The pole workers shared a common room, a tent, outside of the pulping section of the Run. Poles twenty feet long. Made of a variety of trees. They took up one wall. Misshaped boxes for valuables took up another. They were always empty.
Tomai walked in through a flap.
“Tomai. Did you hear, Tomai? An entire debarking team swam into the termite’s jaws. On purpose, Tomai!” Kork said pulling at Tomai’s frayed shirt. Kork stood waist high on his tiptoes.
“I can believe it,” Tomai said. He looked for a pine or birch pole.
“Really, Tomai? I can’t. Debarkers have sickle bone arms. They can swim better than any trout, Tomai! Who’d want to kill themselves with features like that, Tomai?” Kork made wild hand gestures.
“I can believe it.”
“Even if they decided, ‘Okay, let’s do this, girls,’ they could have come up with a better way. The autoblades would have made short work of them. The paper sizers down the way too. But being hacked up and digested by a bug the size of a city block though! Really, Tomai? Can you believe it, Tomai?”
Tomai spotted a curved pine pole under a stack of oak. He grabbed it.
“I can believe it.”
Kork squinted. “I’m not talking to you anymore today.”
Tomai dragged his pole through the inside flap. Into Parchment Run. Where the river exchanged a canopy of sky for corrugated tin. Dozens of pole workers were straightening sawn, debarked logs to enter the jaws of the bug. He took an open spot.

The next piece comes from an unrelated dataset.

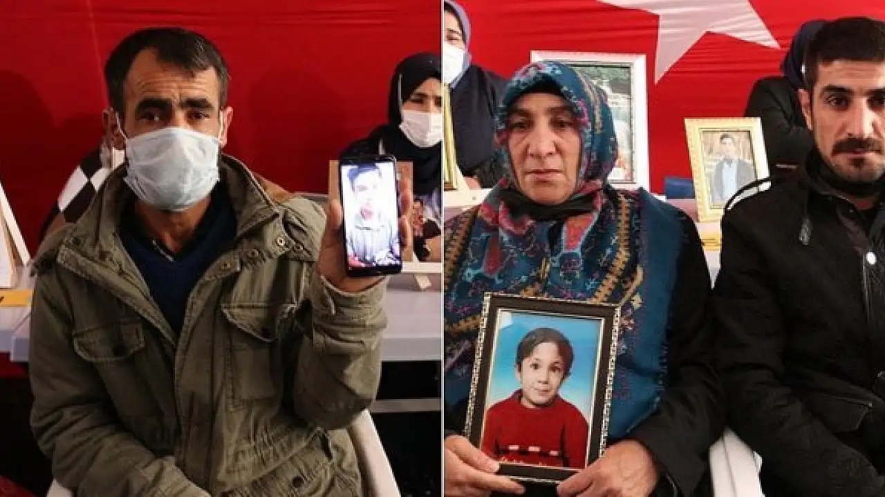 Siirt'ten gelen baba Ziver Çelik 3 ay önce 17 yaşındayken kandırılarak dağa kaçırılan oğlu Ferhat, Hakkari'nin Yüksekova ilçesinden oğlu Kerem Çakan ile gelen anne Nadire Çakan da 8 yıl önce 13 yaşındayken dağa kaçırılan evladı Muhammed için eyleme dahil oldu.

“I can’t believe it. I just can’
t believe it,” Kork muttered next to him. Kork’s pole was special. The only reserved pole. It was thin. Very thin.
Hours passed. Tomai didn’t miss a log. Kork didn’t miss a log. Kork didn’t miss a moment to speak. Tomai didn’t miss his mind.
Above the corrugated tin that enclosed the Run, the day fled. Darkness replaced the light that trickled through holes in the tin. Tomai hardly noticed. The lamps were working tonight.
A woman approached Tomai with a dozen loaves of stale brown bread. She stood between him and Kork, tearing the loaves into chunks and throwing them at the debarkers.
“Tonight,” she said. “Behind Xerro’s. Bring coin.”
The woman walked back the way she came. Further down the Run. Tomai sighed.
Hours passed. Tomai and Kork dragged their poles into the common room.
“Want to go get a drink? Bleeding Antons are only a brass a’piece tonight.”
“No.”
Kork left without another word. Tomai was thankful. He walked back into the Run.
Xerro’s was downriver. After the pulpers and shapers and cutters. Before the printers and binders and dealers. It sold stationary.
Tomai saw the woman from earlier. He knew this woman. She had helped him before. Every time, a different disguise. Always the same smell of resin.
Ms. Resin was dressed as a secretary. A Brothers Publishing House secretary. Floor-length gray skirt. White blouse. Auburn hair loose to the shoulder.
“Coin?” she asked, holding out her hand.
“Parchment?” he asked, holding out his hand.
They exchanged items. Tomai gave her two square copper pieces. A month’s wages for a pole worker. She gave him a dozen blank pages.
“I’m running out of people parchment. There needs to be a new plague. Don’t you miss the brittle pink skinflakes?” Resin disappeared through a tear in the Run’s tin.
It was dark. Staring down, Tomai couldn’t even make out his bare feet. He tucked the pages under his arm and left.
The way home was similar to the way there, but different. Two moonbeams instead of two sunbeams. A dead cat. Someone eating it.